# TASK PROMPT
Please return, with no alterations, the lines below from the very first through the one that contains "Teplákovina počesaná potlač".

[GIVEN DATA]

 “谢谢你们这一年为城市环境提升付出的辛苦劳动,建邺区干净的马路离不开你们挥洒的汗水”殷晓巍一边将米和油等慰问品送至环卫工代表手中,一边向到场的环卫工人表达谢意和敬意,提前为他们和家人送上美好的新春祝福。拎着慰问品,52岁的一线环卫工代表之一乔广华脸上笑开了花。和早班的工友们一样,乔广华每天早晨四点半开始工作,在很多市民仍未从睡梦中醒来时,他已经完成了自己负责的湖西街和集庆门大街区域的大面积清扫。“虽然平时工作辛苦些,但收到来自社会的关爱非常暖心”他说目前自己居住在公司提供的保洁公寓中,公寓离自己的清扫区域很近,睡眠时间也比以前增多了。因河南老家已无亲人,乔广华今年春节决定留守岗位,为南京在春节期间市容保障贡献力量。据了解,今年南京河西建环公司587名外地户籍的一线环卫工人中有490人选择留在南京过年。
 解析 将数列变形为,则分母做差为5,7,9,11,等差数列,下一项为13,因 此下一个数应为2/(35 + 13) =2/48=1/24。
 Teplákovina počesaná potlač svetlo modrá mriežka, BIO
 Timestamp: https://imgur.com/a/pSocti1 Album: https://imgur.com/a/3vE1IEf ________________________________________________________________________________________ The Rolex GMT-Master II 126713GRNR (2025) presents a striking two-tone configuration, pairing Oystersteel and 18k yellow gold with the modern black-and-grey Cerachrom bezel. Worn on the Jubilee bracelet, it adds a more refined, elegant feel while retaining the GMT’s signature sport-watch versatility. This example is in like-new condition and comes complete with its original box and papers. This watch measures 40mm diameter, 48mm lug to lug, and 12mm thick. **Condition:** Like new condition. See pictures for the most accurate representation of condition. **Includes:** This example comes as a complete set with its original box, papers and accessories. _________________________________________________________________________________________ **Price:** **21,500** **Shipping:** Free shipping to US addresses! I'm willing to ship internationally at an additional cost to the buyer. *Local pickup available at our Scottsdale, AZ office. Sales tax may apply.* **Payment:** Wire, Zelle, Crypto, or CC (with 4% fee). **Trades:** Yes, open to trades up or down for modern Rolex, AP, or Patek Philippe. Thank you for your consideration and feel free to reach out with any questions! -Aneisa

[/GIVEN DATA]

# EXERCISE RESPONSE
 “谢谢你们这一年为城市环境提升付出的辛苦劳动,建邺区干净的马路离不开你们挥洒的汗水”殷晓巍一边将米和油等慰问品送至环卫工代表手中,一边向到场的环卫工人表达谢意和敬意,提前为他们和家人送上美好的新春祝福。拎着慰问品,52岁的一线环卫工代表之一乔广华脸上笑开了花。和早班的工友们一样,乔广华每天早晨四点半开始工作,在很多市民仍未从睡梦中醒来时,他已经完成了自己负责的湖西街和集庆门大街区域的大面积清扫。“虽然平时工作辛苦些,但收到来自社会的关爱非常暖心”他说目前自己居住在公司提供的保洁公寓中,公寓离自己的清扫区域很近,睡眠时间也比以前增多了。因河南老家已无亲人,乔广华今年春节决定留守岗位,为南京在春节期间市容保障贡献力量。据了解,今年南京河西建环公司587名外地户籍的一线环卫工人中有490人选择留在南京过年。
 解析 将数列变形为,则分母做差为5,7,9,11,等差数列,下一项为13,因 此下一个数应为2/(35 + 13) =2/48=1/24。
 Teplákovina počesaná potlač svetlo modrá mriežka, BIO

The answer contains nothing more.